A Palestinian girl, wounded in an Israeli strike that killed people, who gathered to collect water from a distribution point, according to medics, receives treatment at Al-Awda Hospital in Nuseirat in the central Gaza Strip July 13, 2025. REUTERS/Stringer
A Palestinian girl, wounded in an Israeli strike that killed people, who gathered to collect water from a distribution point, according to medics, receives treatment at Al-Awda Hospital in Nuseirat in the central Gaza Strip July 13, 2025. REUTERS/Stringer

Gaza's civil defense agency said Israeli airstrikes on Sunday killed at least 29 Palestinians, including six children near a water distribution point.

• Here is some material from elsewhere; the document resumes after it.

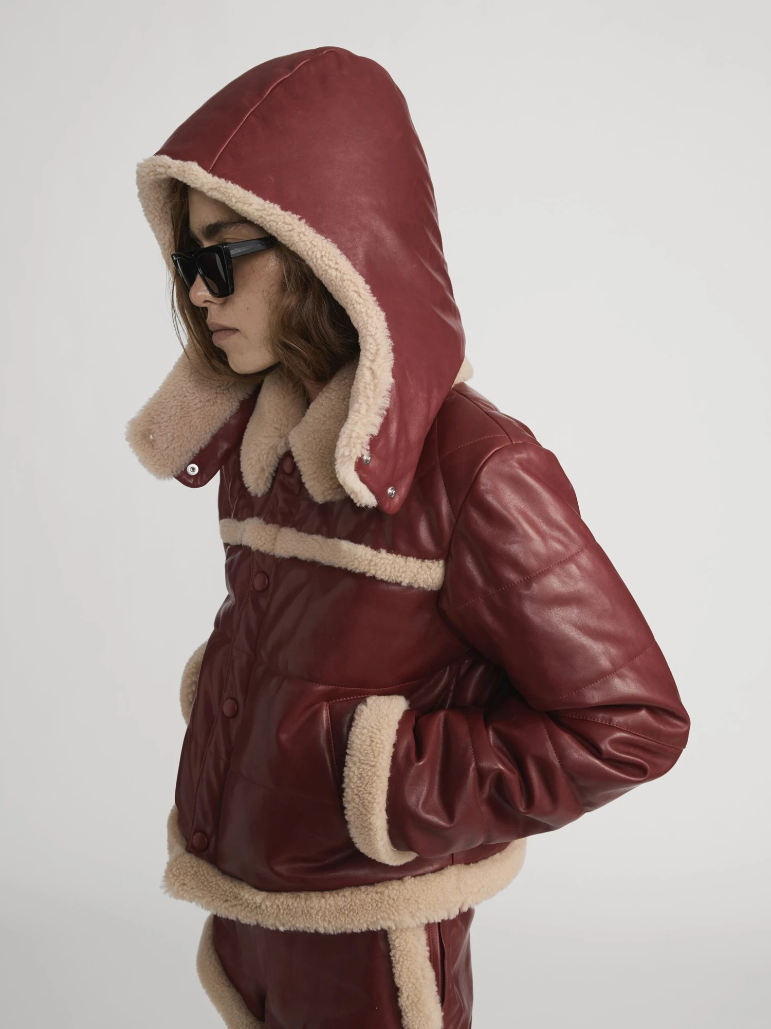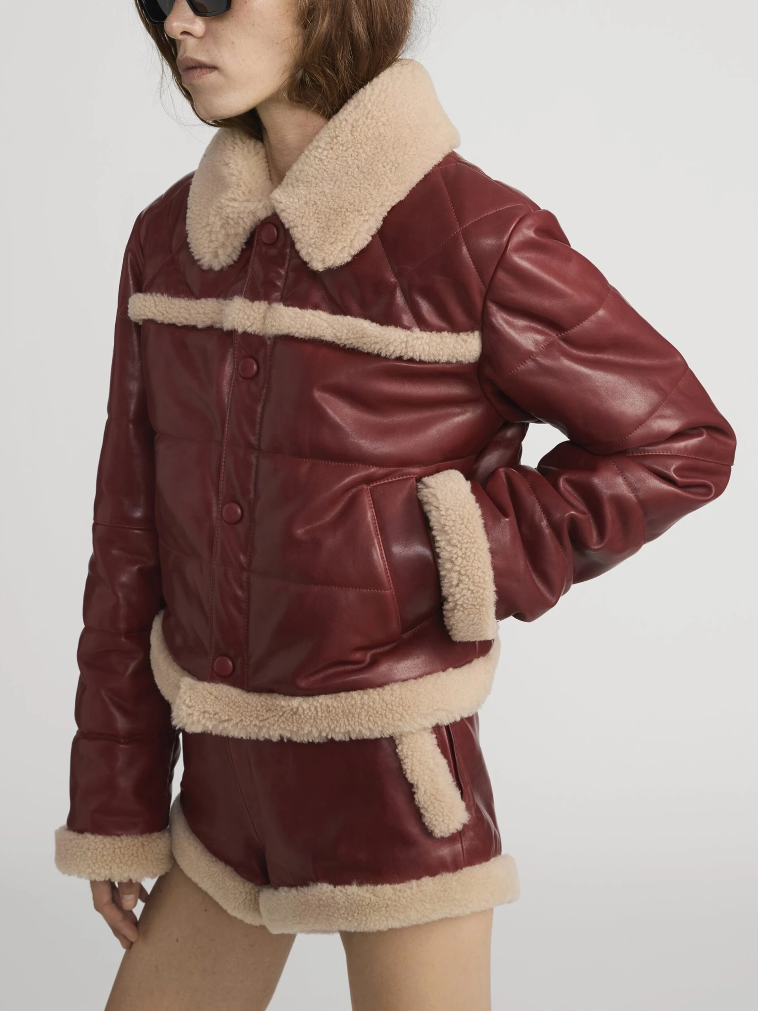 Cut from 100% shearling, this bomber jacket combines warmth with a rugged edge. In a rich dark burgundy colorway that complements any ensemble.

The attacks came with apparent deadlock in a week of indirect talks in Qatar between Israel and the Palestinian militant group Hamas for a ceasefire in the territory.

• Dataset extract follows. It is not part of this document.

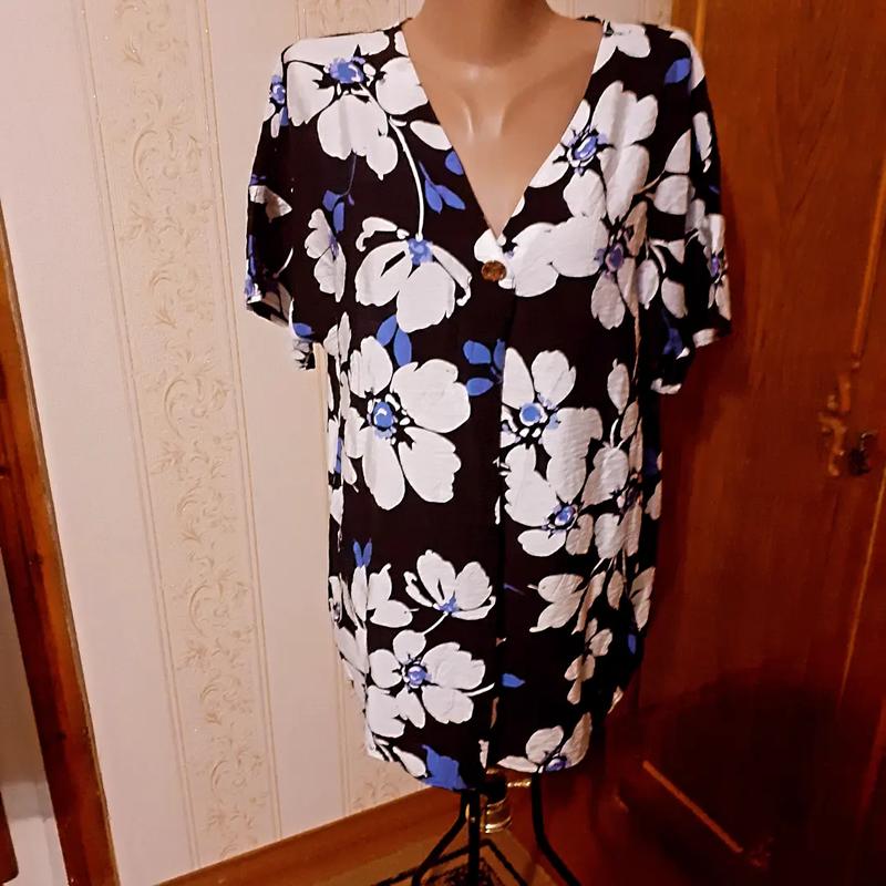 Брендовая блуза натуральная ткань вискоза жатка с красивым цветочным принтом с виобразным вырезом с украшением пуговки под золото!рекомендую!Дл.75 Плечи в рукаве Р 33 от горловины Б по 20 Ог-Об 114см!

Civil defense spokesman Mahmud Bassal told AFP that Gaza City was hit by several strikes overnight and in the early morning, killing eight, "including women and children" and wounding others.

An Israeli airstrike hit a family home near the Nuseirat refugee camp, south of Gaza City, resulting in "10 martyrs and several injured", Bassal said.

In central Gaza, six children were among eight people killed when a drone "hit a potable water distribution point in an area for displaced people" in the Nuseirat camp, he added.

Several other people were wounded, he said.

In the territory's south, three people were killed when Israeli jets hit a tent sheltering displaced Palestinians in the coastal Al-Mawasi area, according to the civil defense spokesman.

There was no immediate comment from the Israeli military, which has recently intensified its operations across Gaza, more than 21 months into the war triggered by Hamas's October 2023 attack.

On Saturday, the military said fighter jets had hit more than 35 "Hamas terror targets" around Beit Hanun in northern Gaza.

The vast majority of Gaza's population of more than two million people have been displaced at least once during the war, which has created dire humanitarian conditions in the territory.

Media restrictions in Gaza and difficulties accessing many areas mean AFP is unable to independently verify tolls and details provided by the civil defense agency and other parties.